If you don’t secure your home network, connecting to it is as simple as selecting it from a list and clicking “Connect,” and suddenly a person unknown to you has capabilities you’d rather them not to have. However, since the influx of home users taking advantage of wireless technology, setting up security has become very user-friendly. Instruction manuals that come with your routers provide the necessary information to secure your network, but I would like to highlight three common methods here:

• WEP. WEP stands for Wired-Equivalent Privacy. It encrypts your data using a security key that you must apply at all computers accessing your network so they can read the data being sent. It isn’t the most secure method, and you can argue that the encryption is weak, but it is widespread and very easy to set up. This will require a password from users that wish to access your network. Despites its weakness based on other methods, it will prevent most unauthorized access to your network.

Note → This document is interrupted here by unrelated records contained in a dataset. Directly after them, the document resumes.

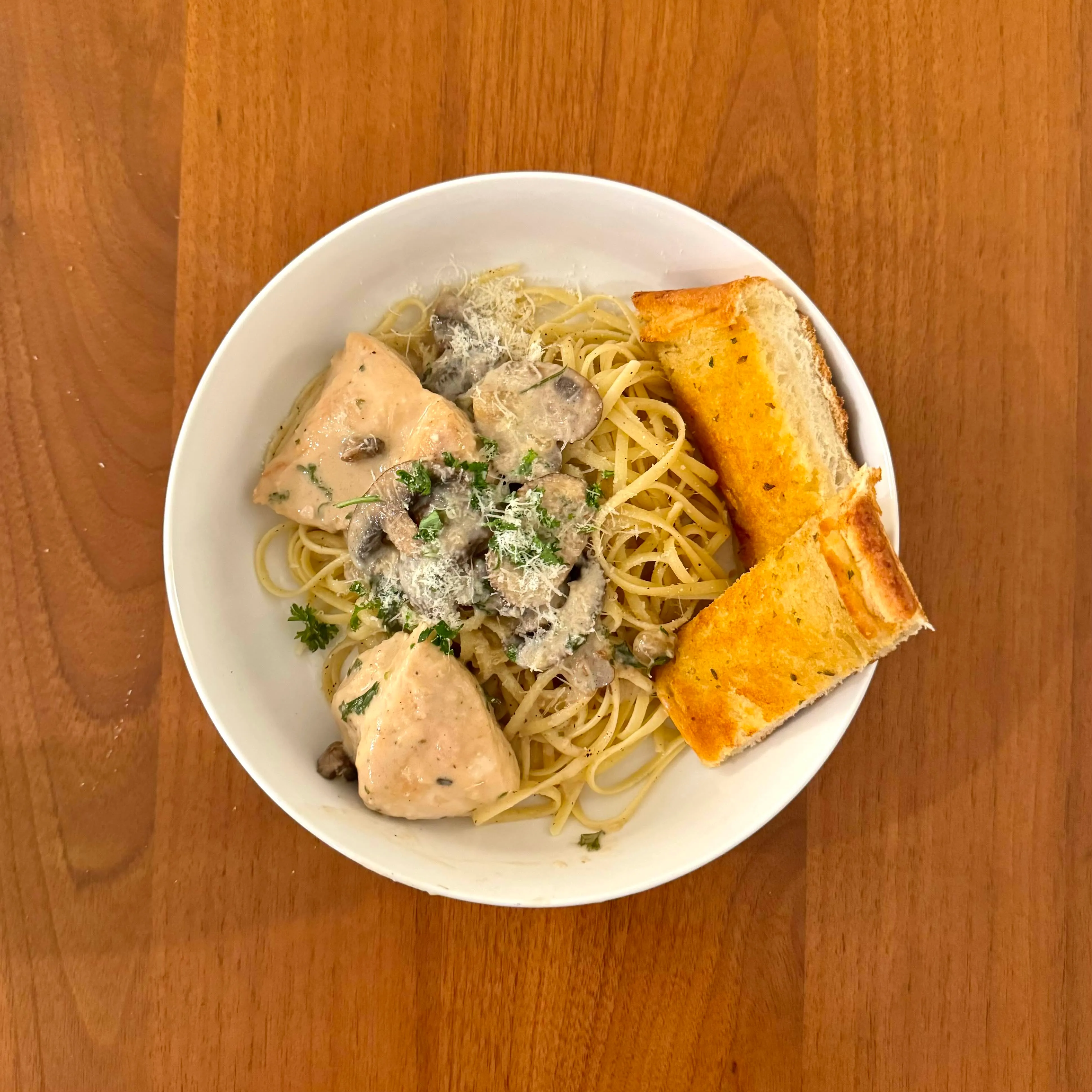 Chicken in a mushroom-cream marsala sauce over spaghetti with two thick pieces of garlic bread tucked into the bowl.
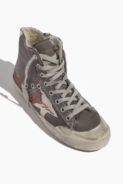 The Golden Goose Francy Penstar Sneaker are a great addition to your sneaker collection. You’ll love the high top and side zip of these sneakers with their signature distressed detailing and the golden goose logo.
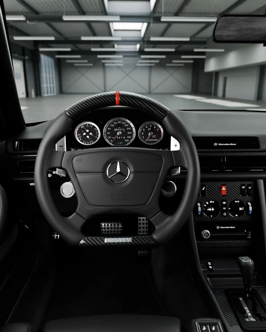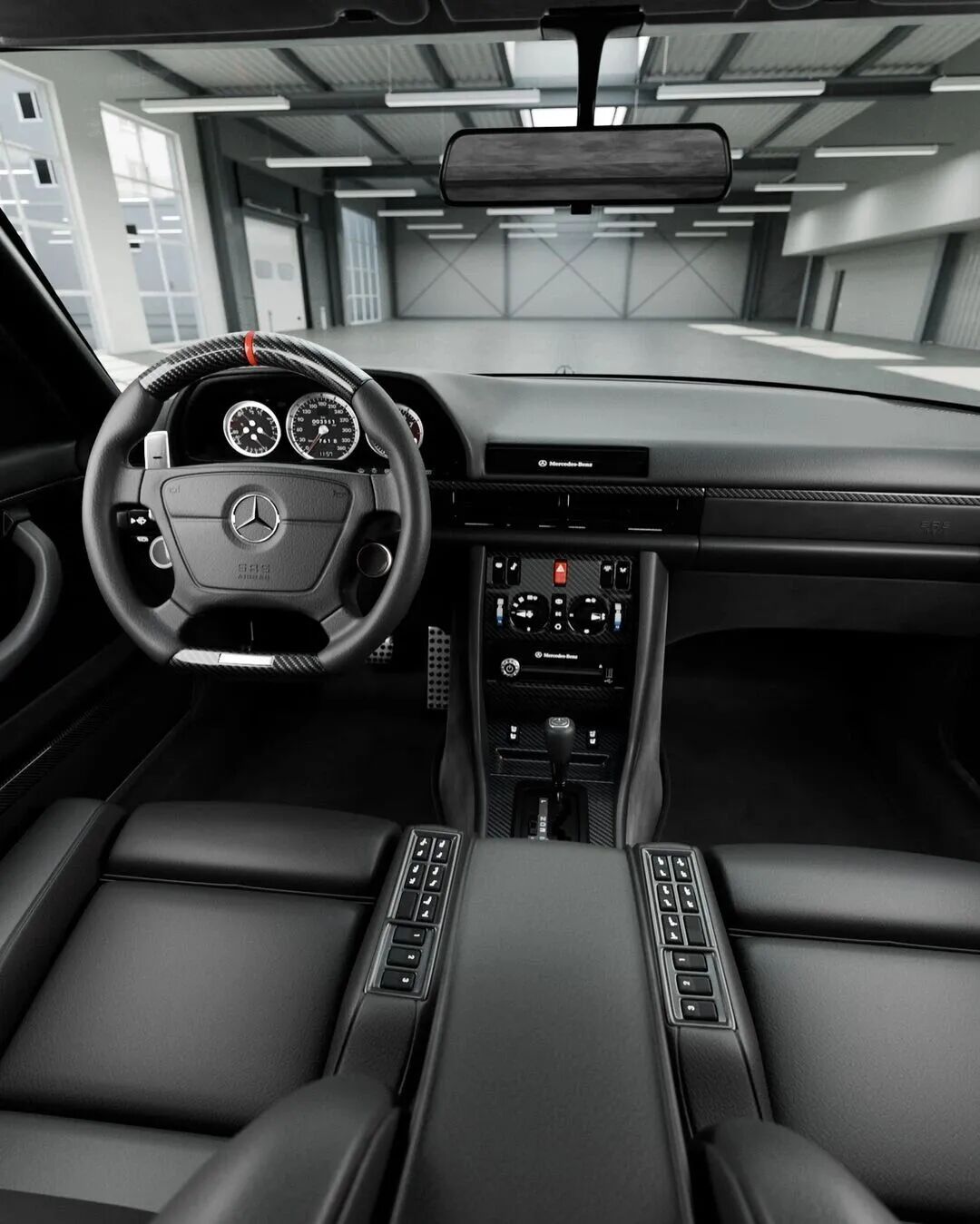 它完美保留了W126经典的镀铬中网与整体轮廓,仿佛一位身着定制西装的绅士。但当你走近,碳纤维的前唇、侧裙,以及车尾那杀气腾腾的扩散器和四出排气,又在无声地宣告:这身西装之下,是经过千锤百炼的格斗家躯体。这种古典优雅与现代性能的强烈对冲,正是其令人着迷的视觉密码。

• WPA. Wi-Fi Protected Access. WPA answers a lot of the issues that WEP has-it is much more secure and takes measures to prevent the encryption from being broken so easily. It is not as widespread as WEP, but is relatively easy to set up if you have equipment that is compatible. It cannot be used in conjunction with WEP-you must pick one or the other.

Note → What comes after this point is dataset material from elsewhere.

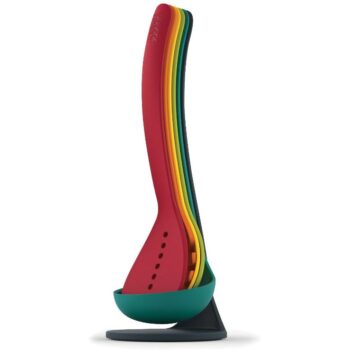 Comprising 5 essential kitchen tools, this innovative design now comes with a separate storage stand which holds any utensils that aren’t in use. When nested together, each tool is held securely in place by small magnets in the handles.
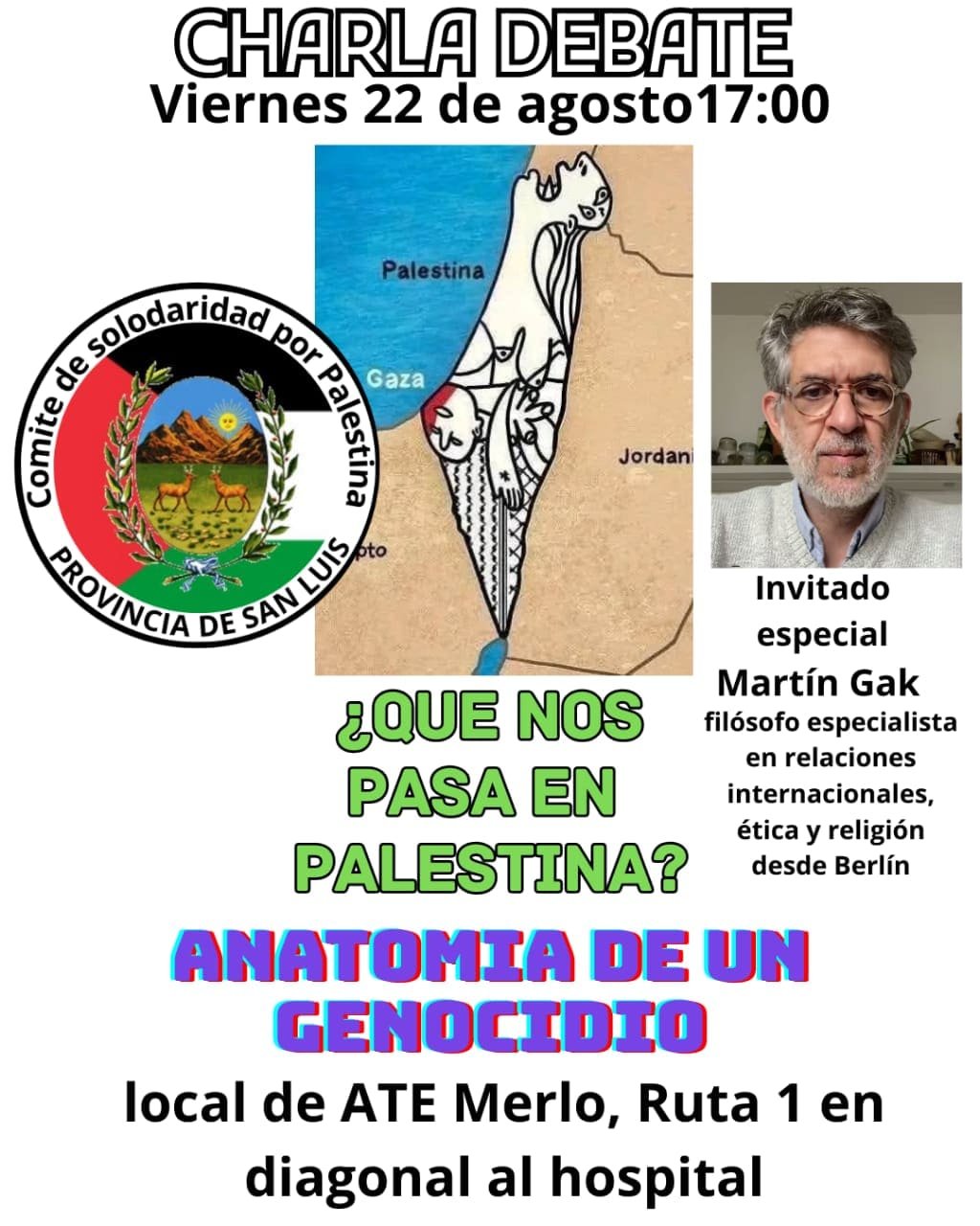 Desde la Villa de Merlo, el Comité de solidaridad con Palestina de la provincia de San Luis organiza una charla debate con el filósofo Martín Gak , especialista en ética y religión , argentino que vive en Berlín, desde donde cubre noticias internacionales para distintos medios. Gak vive hace 33 años afuera de Argentina, estudió en Estados Unidos y Francia y hace diez años se dedica a la política internacional, en especial a las zonas de conflicto.

• MAC Filtering. Every PC and network device has a unique number called a MAC address (MAC stands for Media Access Control, incidentally). It is very important in the world of networking. Most modern day routers have the ability to filter network traffic by checking the computer’s MAC address against a list of allowed addresses. If it does not match, the computer will not be able to access the network. This sort of setup is more advanced and calls for a little bit more administration—it requires you to obtain the MAC address of each device on the network and enter it into the router. By itself it isn’t the most secure method (it doesn’t encrypt data for instance, just prevents access), but used in conjunction with WEP or WPA it can help add a layer of security.

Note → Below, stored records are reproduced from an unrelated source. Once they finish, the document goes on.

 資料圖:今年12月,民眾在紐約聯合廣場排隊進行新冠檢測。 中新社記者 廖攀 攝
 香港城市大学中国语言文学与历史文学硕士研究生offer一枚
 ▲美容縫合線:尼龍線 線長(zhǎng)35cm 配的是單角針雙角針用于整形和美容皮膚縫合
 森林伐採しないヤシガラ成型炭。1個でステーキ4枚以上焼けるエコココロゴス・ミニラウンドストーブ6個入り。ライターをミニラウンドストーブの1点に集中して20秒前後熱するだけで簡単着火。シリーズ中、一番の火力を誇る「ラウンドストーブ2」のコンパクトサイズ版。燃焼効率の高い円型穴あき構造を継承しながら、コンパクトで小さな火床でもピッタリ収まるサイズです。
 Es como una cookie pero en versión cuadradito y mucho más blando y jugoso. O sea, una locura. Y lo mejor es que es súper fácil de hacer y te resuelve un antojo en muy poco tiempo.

One more thing that I would like to point out: for most home networks, having multiple layers of security isn’t something to worry about. My suggestion is that you should just make sure that a random person will not be able to access your network. Secure your network, but use the method that is easiest for you (which in most cases is WEP).

None of the methods I described above are fool-proof: every single one has a way it can be cracked. But chances are very good that most people that understand how to break through these security measures aren’t going to have much interest in the average home network.